John Hick on Transcendent Reality and Religious Pluralism | The Ambiguity of the Universe


Although most in today's academic world begin with an assumption of naturalism/materialism, Hick argues that the Universe is, in fact, ambiguous.  That is, it can be interpreted in a variety of ways including those which presume a God/Spiritual Reality, and those which do not.

In his chapter entitled The Big Bang and the Ambiguity of the Universe, Hick talks about the current scientific understanding of the creation of the Universe – the Big Bang.  In the process he references what some have called the teleological argument for the existence of God – the idea that the Universe shows design or that it leads to a telos, an end goal, which includes the development of intelligent life.  
 

"We know now that the form that the expansion has taken was determined by basic conditions which, if they had been even slightly different, would not have produced galaxies, including planets, including life, including us. There had to be very precise values for a number of basic constants for the universe as it is to have come about. One example is that in order for a universe of galaxies to develop there had to be just the right degree of non-uniformity in the initial state. The astrophysicists refer to this degree of non-uniformity, consisting in the energy difference between peaks and troughs in the density of matter, as Q. Q has to be very close to 0.00001 in order to account for the present-day galaxies and clusters. To quote Martin Rees,

If Q were much smaller than 0.00001, galactic ‘ecosystems’ would never form: aggregations would take longer to develop, and their gravity would be too weak to retain gas. A very smooth universe would remain forever dark and featureless ... On the other hand, a rougher universe, with Q much larger than 0.00001, would be turbulent and violent. Lumps far bigger than galaxies would condense early in its history. They would not fragment into stars.
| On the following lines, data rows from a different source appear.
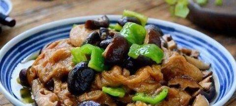 1.將幹香菇洗凈,事先用溫水浸泡。將青椒切成小塊備用。油面筋用刀切開備用。取出香菇碎,切成小塊。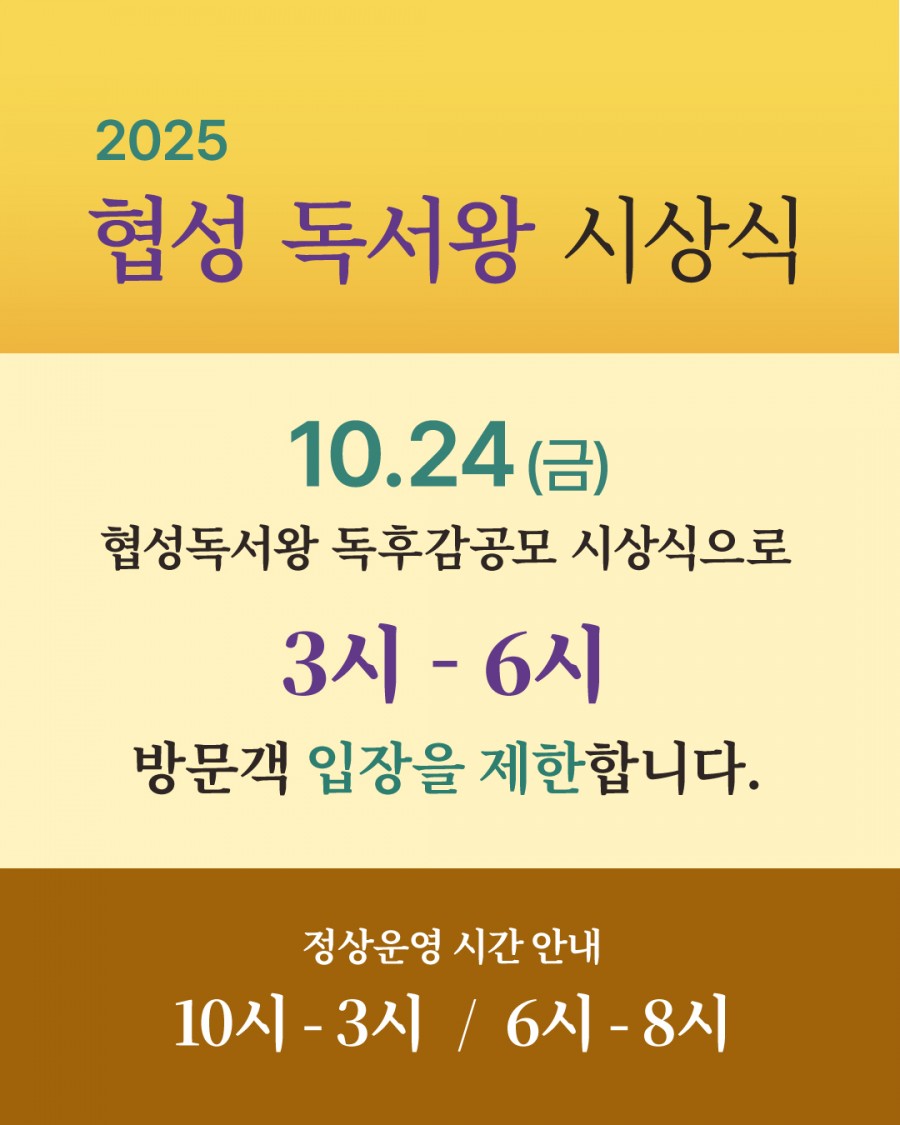 2025 제14회 협성독서왕 독후감공모 시상식으로 도서관 운영시간이 변경 되오니 이용에 참고 부탁드립니다.
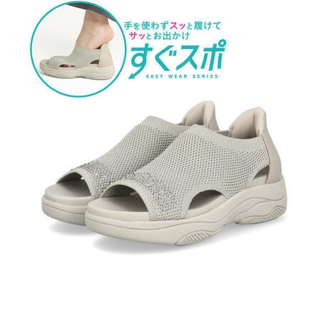 かがまず手を使わず履ける「すぐスポ」シリーズのサンダル。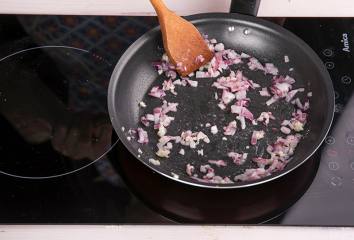 Zatímco se těsto peče, v pánvi začněte opékat cibuli. Po pěti minutách přidejte česnek a chvíli restujte.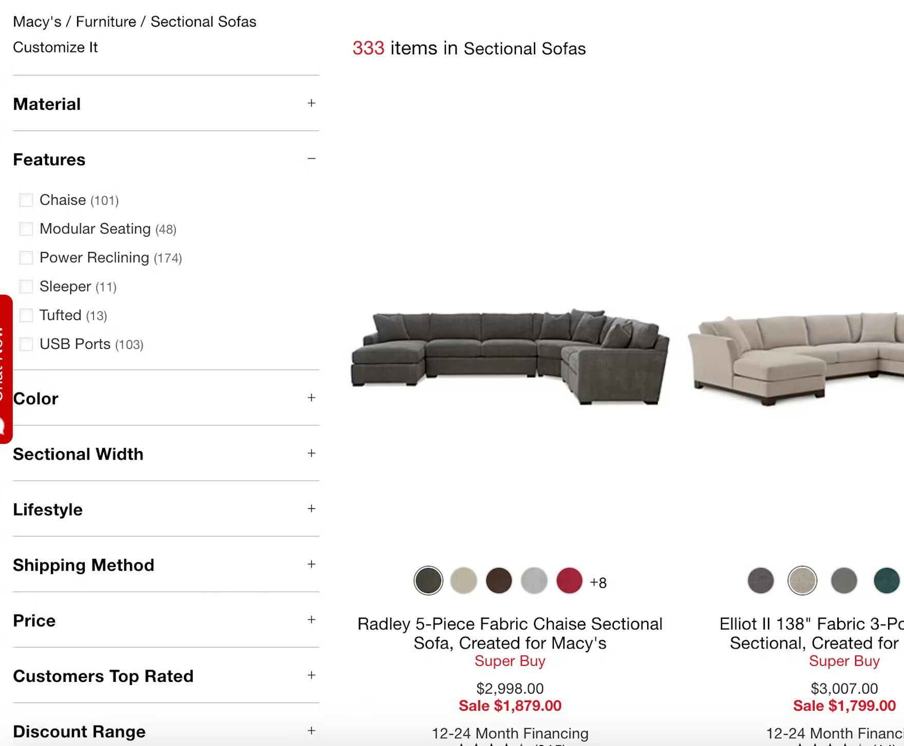 While both the “Chairs & Recliners” and “Sectional Sofas” categories at Macy’s have a “Features” filter type, the filter options are in fact very different between the two product types. For example, “Chairs & Recliners” has “Features” filters for “Swivel”, “Glider”, and “Wingback” (first image), attributes that aren’t relevant for the “Sectional Sofas” category (second image). Thus it’s appropriate to have separate subcategories for “Chairs & Recliners” and “Sectional Sofas”.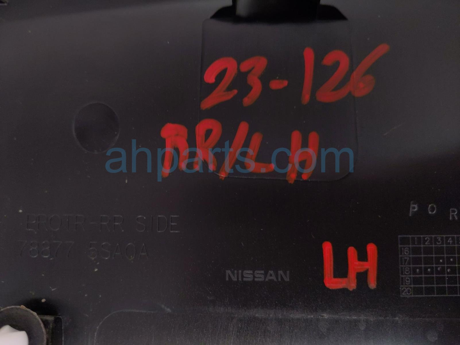 2019 Nissan Leaf driver qtr outer trim garnish - black is a used item with a 1 year warranty. This OEM replacement driver qtr outer trim garnish - black is genuine and has part numbers 78877-5SA0A, and 788775SA0A. This Nissan part sells for $49.

Other such conditions include the electric charge of the electron, the ratio of the electron and proton masses, the strength of the strong force between nuclei. These are some – and only some – of the precise conditions needed if the universe as we know it, with ourselves as part of it, was to come about. In fact it looks as though our universe has been precisely designed to produce intelligent life. Martin Rees does not himself believe in a creator God, but he does acknowledge the extraordinary series of coincidences that has been necessary to produce ourselves:

A universe hospitable to life – what we might call a biophilic universe – has to be very special in many ways. The prerequisites for any life – long-lived stable stars, a periodic table of atoms with complex chemistry, and so on – are sensitive to physical laws and could not have emerged from a Big Bang with a recipe that was even slightly different. Many recipes would lead to stillborn universes with no atoms, no chemistry, and no planets; or to universes too short lived or too empty to allow anything to evolve beyond sterile uniformity. This distinctive and special-seeming recipe seems to me a fundamental mystery that should not be brushed aside as merely a brute fact."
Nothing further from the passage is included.